Other employee benefits
Short-term Employees Benefits: All employee benefits payable within twelve months of rendering the service are classified as short¬ term benefits. Such benefits include salaries, wages, bonus, short term compensated absences, awards, ex-gratia, performance pay etc. in the period in which the employee renders the related service. A liability is recognized for the amount expected to be paid when there is a present obligation to pay this amount as a result of past service provided by the employee and the obligation can be estimated reliably.
m Foreign currency transactions
The transactions in foreign currency are recorded at the rate of exchange in force at the time the transactions are effected. At the end of each reporting period, monetary items denominated in foreign currencies are translated at the closing exchange rate prevailing at the balance sheet date. Gains / Losses arising out of fluctuations in the exchange rate at the time of settlement or restatement, are recognized as Income / Expense in the period in which they arise.
n Taxation
The accounting treatment for the Income Tax in respect of the Company's income is based on the Accounting Standard on Accounting for Taxes on Income" (AS-22). The provision made for Income Tax in Accounts comprises both, the current tax and deferred tax.
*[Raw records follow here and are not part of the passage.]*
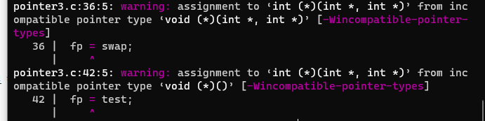 int (*fp)(int * a, int * b); 로 함수형 포인터의 반환형을 int로 바꾸고 컴파일 하니 Warning이 뜨는것을 확인 할 수 있었다.,
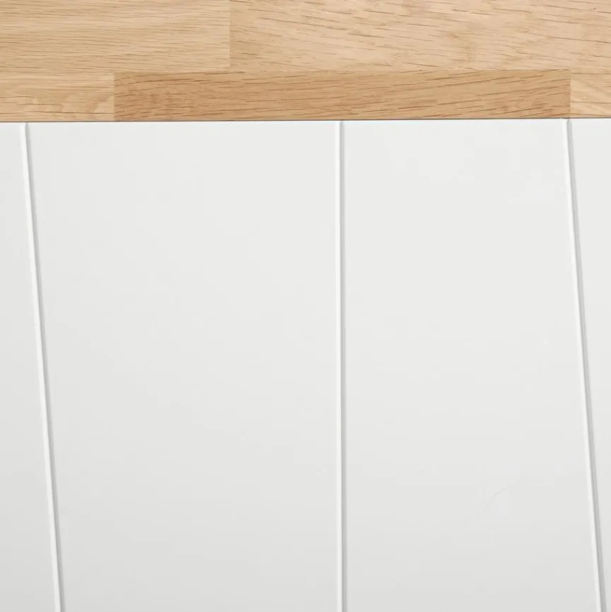 - Kopf- und Fußteil aus Holzwerkstoff (MDF) in weiß lackiert, Fußrahmen und Füße aus massiver Eiche
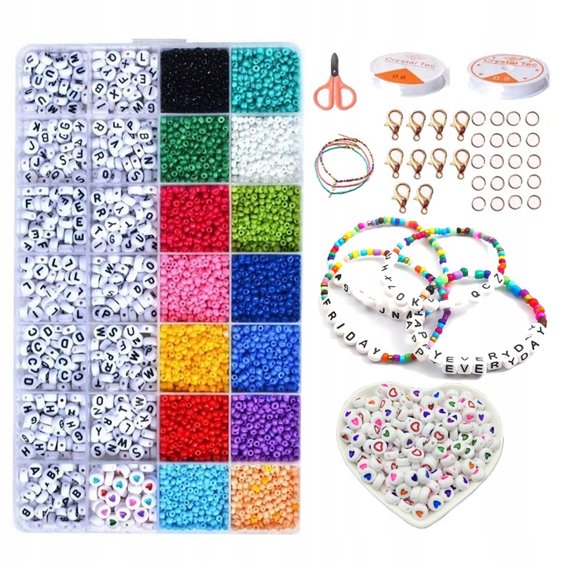У набір входять маленькі намистини 14 кольорів, 13 відділень з літерами, намистини з сердечками, силіконова гумка на бобіні двох товщин, ножиці, ланки та застібки.
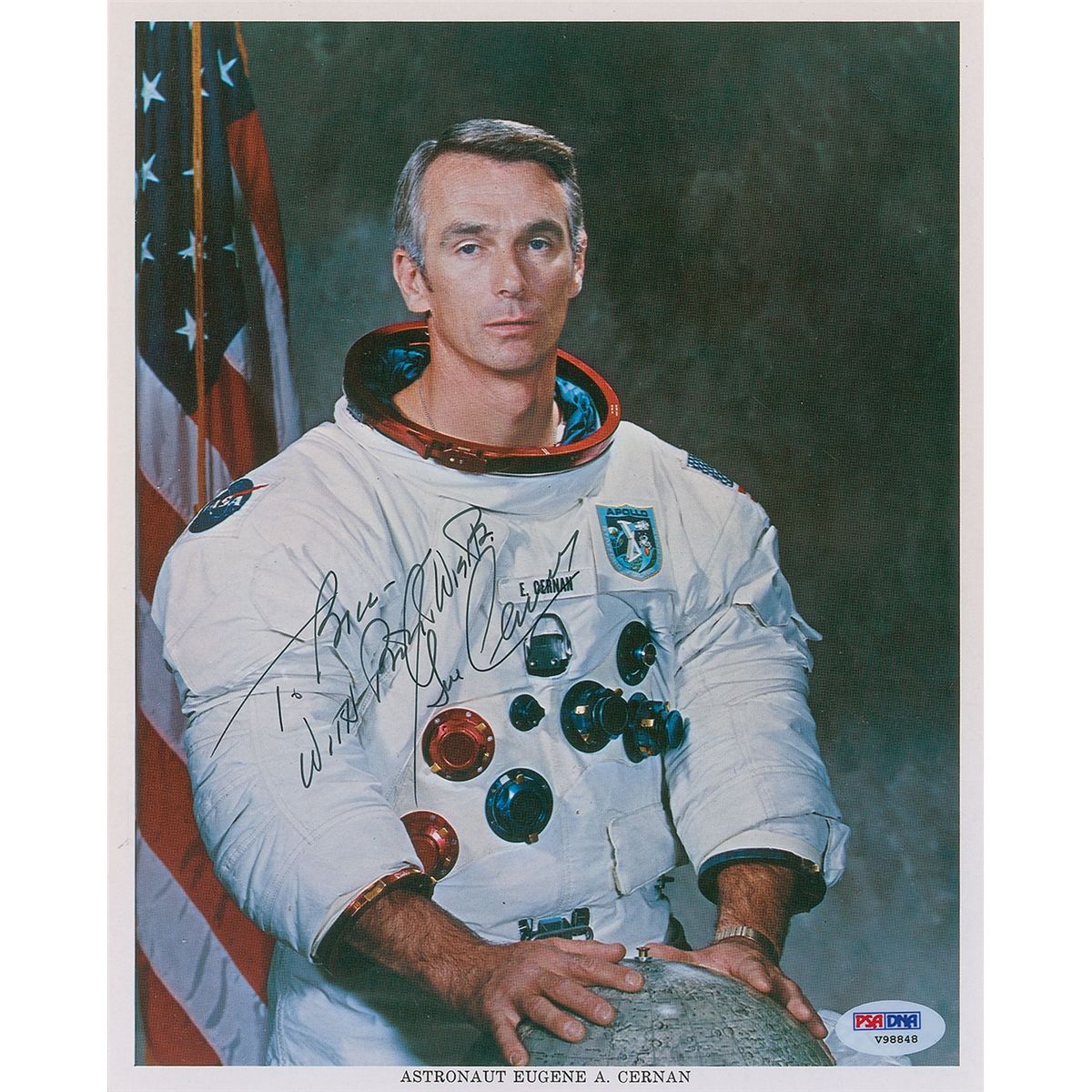 Official color 8 x 10 NASA lithograph of Cernan in his white space suit, signed and inscribed in black felt tip, “To Bill—With Best Wishes, Gene Cernan.” In fine condition, with a PSA/DNA label affixed to the lower right corner. Accompanied by a certificate of authenticity from PSA/DNA.

Provision for Current Tax is made on the assessable Income Tax rate applicable to the relevant assessment year after considering various deductions available under the Income Tax Act, 1961.
Deferred tax is recognized for all timing differences; being the differences between the taxable income and accounting income that originate in one period and are capable of reversal in one or more subsequent periods. Such deferred tax is quantified using the tax rates and laws enacted or substantively enacted as on the Balance Sheet date. The carrying amount of deferred tax asset/liability is reviewed at each Balance Sheet date and consequential adjustments are carried out. Deferred tax assets are only recognised to the extent that it is probable that future taxable profits will be available against which the temporary differences can be utilised.
Minimum Alternate Tax credit is recognized as an asset only when and to the extent there is convincing evidence that the Company will pay normal income tax during the specified period. The Company reviews the same at each balance sheet date and writes down the carrying amount of MAT Credit Entitlement to the extent there is no longer convincing evidence to the effect that the Company will pay normal Income Tax during the specified period.
o Segment accounting
The company identifies distinguishable components of the business as business segments based on the business's internal organization and the way they are managed. A segment is considered reportable if its revenue, segment result (profit or loss), or total segment assets are 10% or more of the corresponding totals for all segments. If the total revenue from reportable segments is less than 75% of the company's overall revenue, additional segments are identified as reportable until 75% of the revenue is covered.
The revenues and expenses are allocated to different segments either based on direct attribution or reasonable allocation based on sales to external customers. The assets and liabilities are allocated to each segment based on factors like the segment's direct use of assets and liabilities, and the nature of the segment's operations. Segment liabilities would exclude borrowings and other liabilities incurred for financing purposes.
For secondary segmentation, the company identifies the distinguishable geographic segment that is engaged in providing an individual product or service or a group of related product or services within a specific environment and subject to risks and returns exclusive of other segments, primarily domestic and exports.